Collected data entries

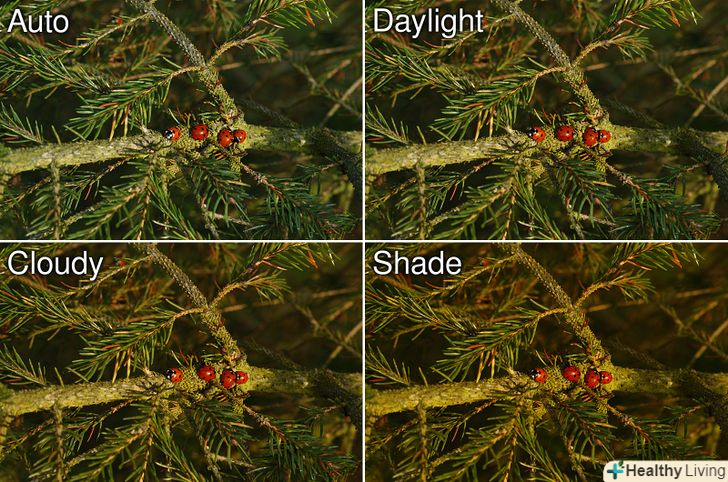 В умовах природного освітлення познімайте з автоматичним налаштуванням балансу білого і в режимах "Денне світло", "хмарно" і "тінь". на більшості знімків в автоматичному режимі тони будуть занадто холодними, і зображення вийде набагато більш вдалим при використанні інших налаштувань. Якість зображення буде залежати від фотоапарата; в деяких камерах (особливо в камерах телефонів) алгоритми передачі балансу білого в деяких умовах освітленості просто жахливі.
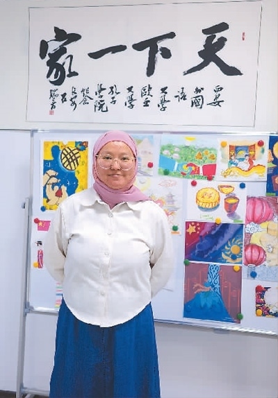 学生丽扎·穆罕默德在孔子学院书画墙前留影。本报记者 刘少华摄
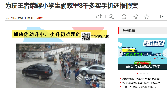 与此同时,类似于“小学生为玩王者荣耀偷拿父母钱”的资讯也出现在了各大网站和论坛。
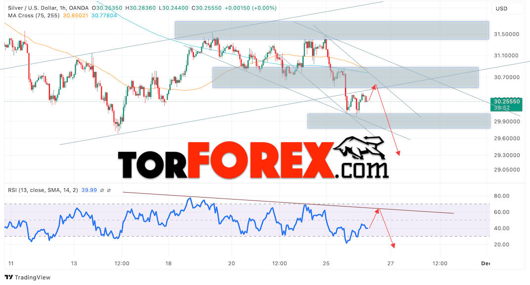 Дополнительным сигналом в пользу снижения котировок и цен на Серебро XAG/USD выступит тест линии сопротивления на индикаторе относительной силы (RSI). Вторым сигналом в пользу падения станет отскок от нижней границы бычьего канала. Отменой варианта снижения цен на Серебро 27 ноября 2024 станет сильный рост и пробой 30.85. Это укажет на пробой области сопротивления и продолжение роста в область выше уровня 32.15. Ожидать ускорения падения котировок XAGUSD стоит с пробоем области поддержки и закрытием цены под уровнем 29.85.
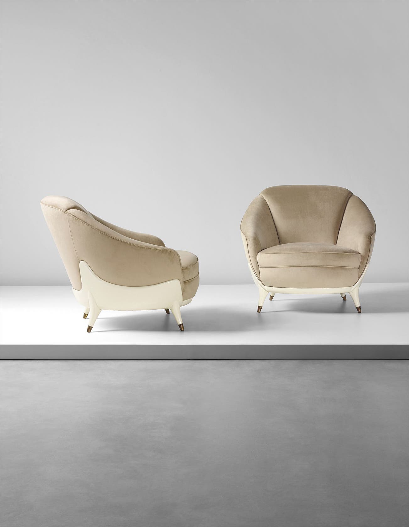 Manufactured by I.S.A., Bergamo, Italy. Underside of one with manufacturer's metal label IMBOTTITURA BREVETTATA I.S.A/MOLLEGGIO SPIRAL SPRING/Gomma Cellulare 'CIGNO'/MODELLO DEPOSITATO.
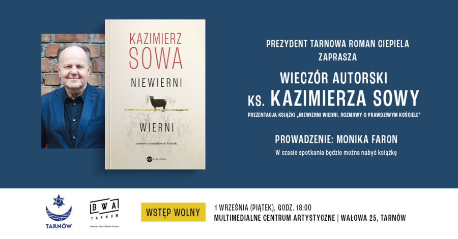 Biuro Wystaw Artystycznych zaprasza w piątek, 1 września o godzinie 18.00 na spotkanie autorskie z ks. Kazimierzem Sową i promocje książki “Niewierni. Wierni” w Multimedialnym Centrum Artystycznym, przy ul. Wałowej 25, które poprowadzi Monika Faron. Wstęp wolny. Na spotkaniu będzie możliwość zakupu książki.
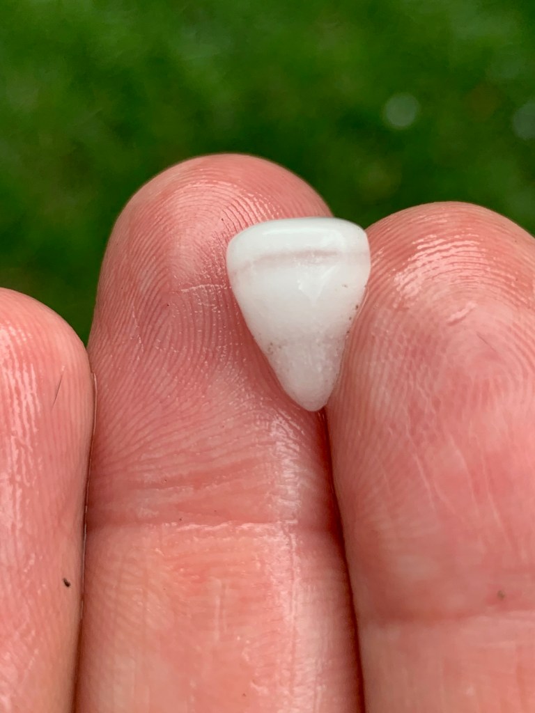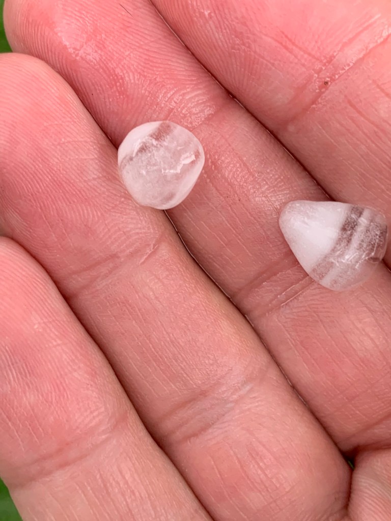 When I saw this hail up close I noticed a few more features that surprised me. First, it wasn’t round. It looked like a tooth or a candy-corn or a mini-pyramid. And also, it looked like it had stripes or layers. I thought I might just be imagining this, or maybe this was just a random strange piece of hail. So I started looking around in the grass more. I started to find these striped “teeth” hail all over!
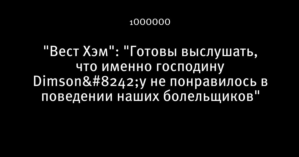 "Вест Хэм": "Готовы выслушать, что именно господину Dimson′у не понравилось в поведении наших болельщиков"
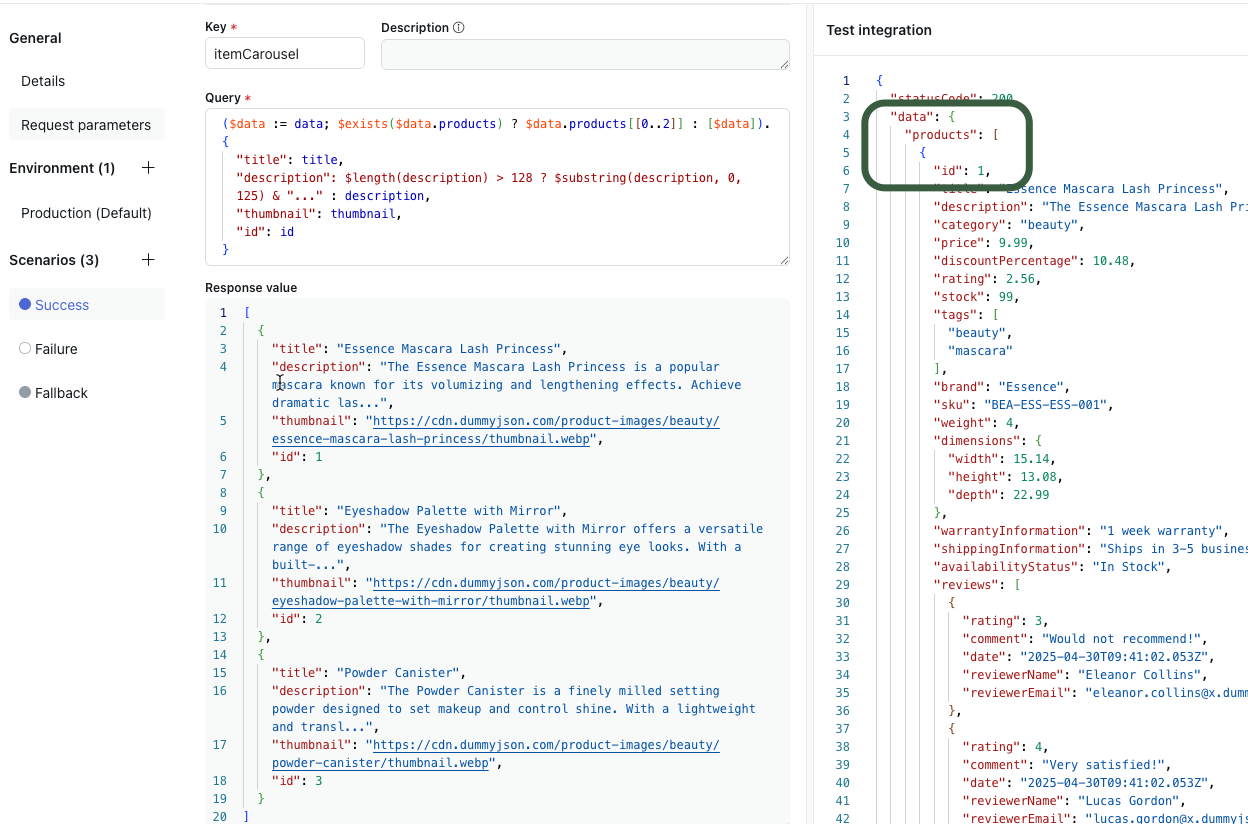 Um dieses Problem zu beheben, aktualisieren Sie die JSONata-Query in der API-Integration, um Antworten ohne Array zu verarbeiten, und geben Sie eine Struktur zurück, die das Karussell verarbeiten kann.

About this task
Every entry should be written out word for word, except for its pictures.

Answer for the task
 В умовах природного освітлення познімайте з автоматичним налаштуванням балансу білого і в режимах "Денне світло", "хмарно" і "тінь". на більшості знімків в автоматичному режимі тони будуть занадто холодними, і зображення вийде набагато більш вдалим при використанні інших налаштувань. Якість зображення буде залежати від фотоапарата; в деяких камерах (особливо в камерах телефонів) алгоритми передачі балансу білого в деяких умовах освітленості просто жахливі.
 学生丽扎·穆罕默德在孔子学院书画墙前留影。本报记者 刘少华摄
 与此同时,类似于“小学生为玩王者荣耀偷拿父母钱”的资讯也出现在了各大网站和论坛。
 Дополнительным сигналом в пользу снижения котировок и цен на Серебро XAG/USD выступит тест линии сопротивления на индикаторе относительной силы (RSI). Вторым сигналом в пользу падения станет отскок от нижней границы бычьего канала. Отменой варианта снижения цен на Серебро 27 ноября 2024 станет сильный рост и пробой 30.85. Это укажет на пробой области сопротивления и продолжение роста в область выше уровня 32.15. Ожидать ускорения падения котировок XAGUSD стоит с пробоем области поддержки и закрытием цены под уровнем 29.85.
 Manufactured by I.S.A., Bergamo, Italy. Underside of one with manufacturer's metal label IMBOTTITURA BREVETTATA I.S.A/MOLLEGGIO SPIRAL SPRING/Gomma Cellulare 'CIGNO'/MODELLO DEPOSITATO.
 Biuro Wystaw Artystycznych zaprasza w piątek, 1 września o godzinie 18.00 na spotkanie autorskie z ks. Kazimierzem Sową i promocje książki “Niewierni. Wierni” w Multimedialnym Centrum Artystycznym, przy ul. Wałowej 25, które poprowadzi Monika Faron. Wstęp wolny. Na spotkaniu będzie możliwość zakupu książki.
 When I saw this hail up close I noticed a few more features that surprised me. First, it wasn’t round. It looked like a tooth or a candy-corn or a mini-pyramid. And also, it looked like it had stripes or layers. I thought I might just be imagining this, or maybe this was just a random strange piece of hail. So I started looking around in the grass more. I started to find these striped “teeth” hail all over!
 "Вест Хэм": "Готовы выслушать, что именно господину Dimson′у не понравилось в поведении наших болельщиков"
 Um dieses Problem zu beheben, aktualisieren Sie die JSONata-Query in der API-Integration, um Antworten ohne Array zu verarbeiten, und geben Sie eine Struktur zurück, die das Karussell verarbeiten kann.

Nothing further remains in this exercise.